* Problem to solve:
Find every line in the data that contains the word "your". Return each of those lines.
───── Data extract
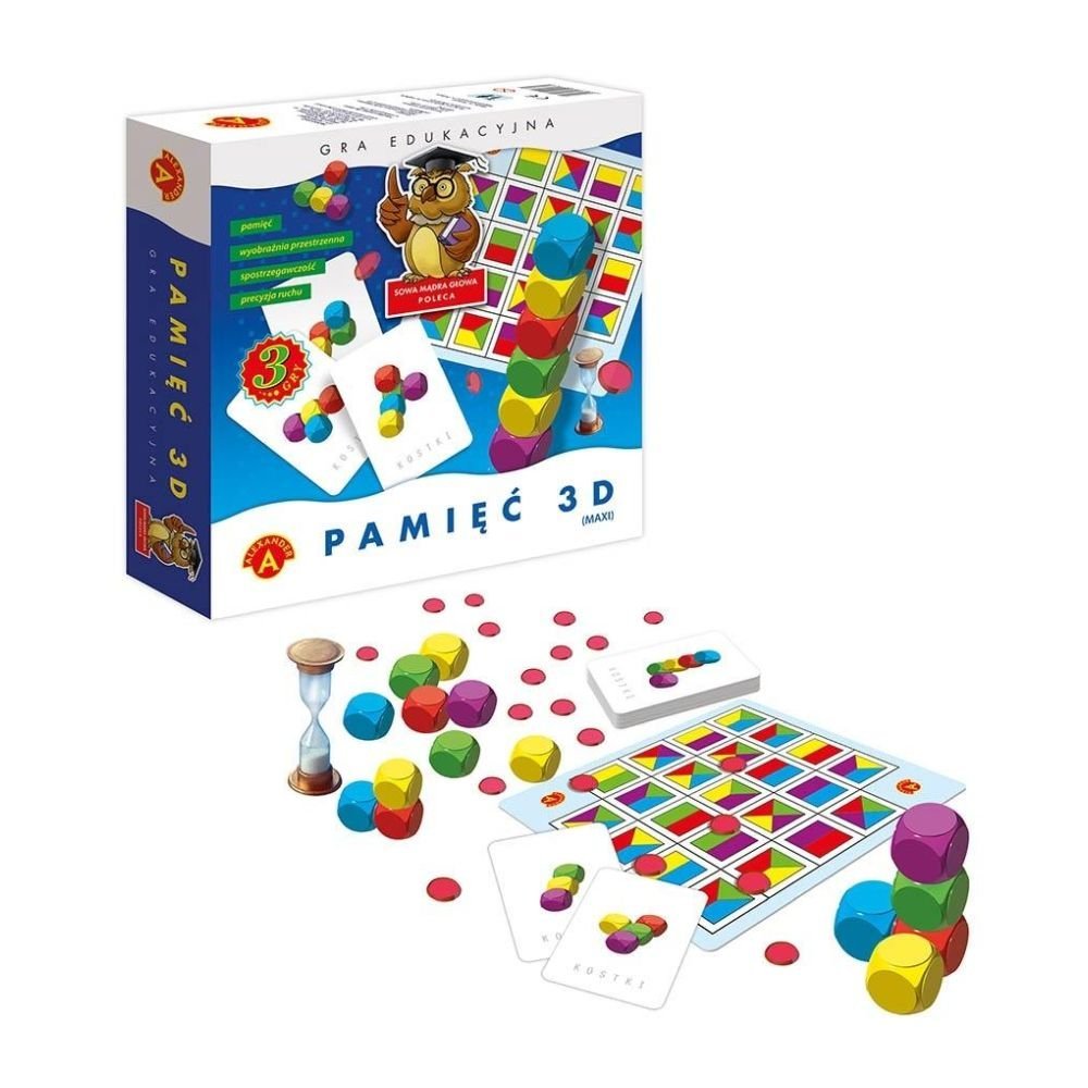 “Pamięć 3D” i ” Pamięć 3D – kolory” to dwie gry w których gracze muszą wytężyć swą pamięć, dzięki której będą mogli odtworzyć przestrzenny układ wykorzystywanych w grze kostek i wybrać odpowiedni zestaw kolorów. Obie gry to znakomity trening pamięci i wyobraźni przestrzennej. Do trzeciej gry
──────────
───── Data extract
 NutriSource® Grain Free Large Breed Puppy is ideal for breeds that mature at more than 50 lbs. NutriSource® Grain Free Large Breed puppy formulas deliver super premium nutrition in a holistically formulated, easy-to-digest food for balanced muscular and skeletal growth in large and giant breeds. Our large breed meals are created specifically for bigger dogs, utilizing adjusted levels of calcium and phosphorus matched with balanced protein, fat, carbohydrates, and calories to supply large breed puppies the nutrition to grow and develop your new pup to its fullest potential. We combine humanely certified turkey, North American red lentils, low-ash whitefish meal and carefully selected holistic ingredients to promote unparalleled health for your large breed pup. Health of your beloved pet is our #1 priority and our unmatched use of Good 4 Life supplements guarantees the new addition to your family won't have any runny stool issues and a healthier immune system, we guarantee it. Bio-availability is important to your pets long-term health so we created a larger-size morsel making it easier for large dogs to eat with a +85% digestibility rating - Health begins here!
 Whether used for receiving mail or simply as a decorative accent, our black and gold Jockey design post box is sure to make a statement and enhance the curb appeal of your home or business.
──────────
───── Data extract
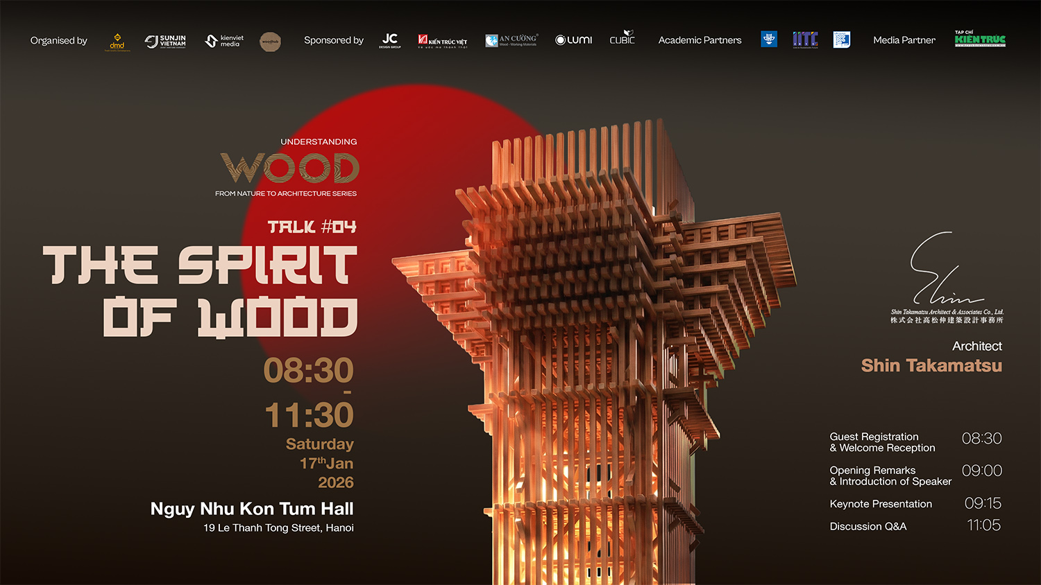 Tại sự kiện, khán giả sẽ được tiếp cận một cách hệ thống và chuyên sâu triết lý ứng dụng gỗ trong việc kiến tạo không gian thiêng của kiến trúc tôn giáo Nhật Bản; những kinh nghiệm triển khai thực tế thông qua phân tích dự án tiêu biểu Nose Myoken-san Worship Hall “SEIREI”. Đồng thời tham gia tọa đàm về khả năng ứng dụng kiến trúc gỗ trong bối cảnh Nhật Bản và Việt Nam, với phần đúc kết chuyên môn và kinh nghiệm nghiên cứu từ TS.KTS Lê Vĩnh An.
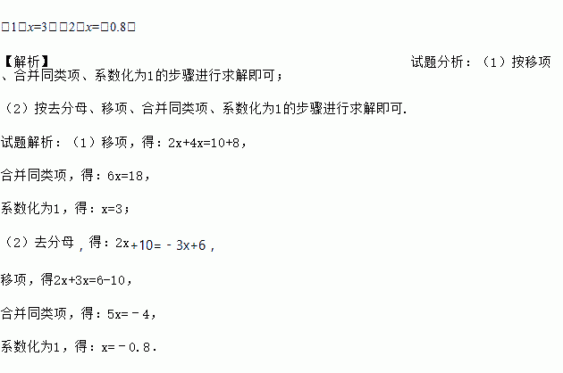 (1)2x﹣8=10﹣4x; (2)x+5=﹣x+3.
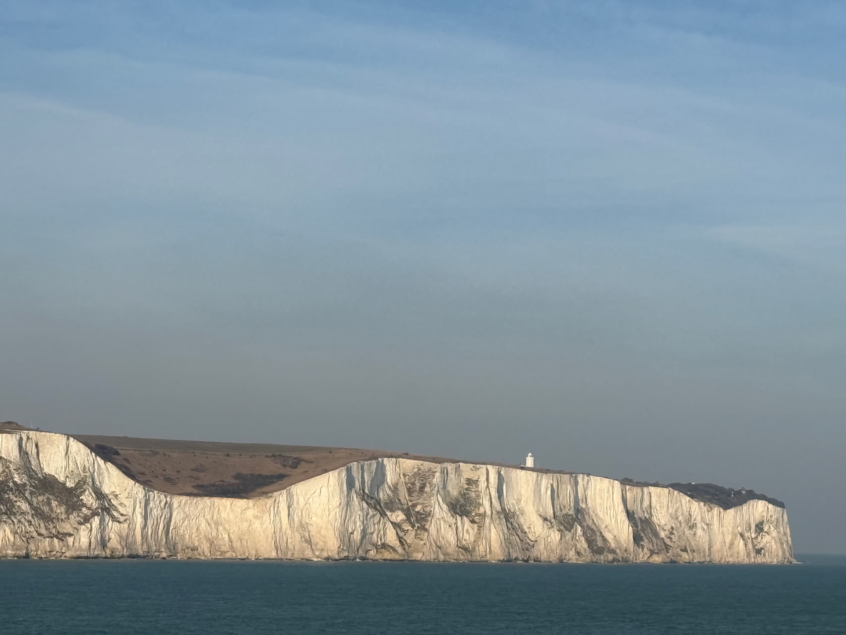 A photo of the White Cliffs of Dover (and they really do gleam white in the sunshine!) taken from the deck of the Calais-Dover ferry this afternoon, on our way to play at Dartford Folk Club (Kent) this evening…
──────────
* Task output:
 NutriSource® Grain Free Large Breed Puppy is ideal for breeds that mature at more than 50 lbs. NutriSource® Grain Free Large Breed puppy formulas deliver super premium nutrition in a holistically formulated, easy-to-digest food for balanced muscular and skeletal growth in large and giant breeds. Our large breed meals are created specifically for bigger dogs, utilizing adjusted levels of calcium and phosphorus matched with balanced protein, fat, carbohydrates, and calories to supply large breed puppies the nutrition to grow and develop your new pup to its fullest potential. We combine humanely certified turkey, North American red lentils, low-ash whitefish meal and carefully selected holistic ingredients to promote unparalleled health for your large breed pup. Health of your beloved pet is our #1 priority and our unmatched use of Good 4 Life supplements guarantees the new addition to your family won't have any runny stool issues and a healthier immune system, we guarantee it. Bio-availability is important to your pets long-term health so we created a larger-size morsel making it easier for large dogs to eat with a +85% digestibility rating - Health begins here!
 Whether used for receiving mail or simply as a decorative accent, our black and gold Jockey design post box is sure to make a statement and enhance the curb appeal of your home or business.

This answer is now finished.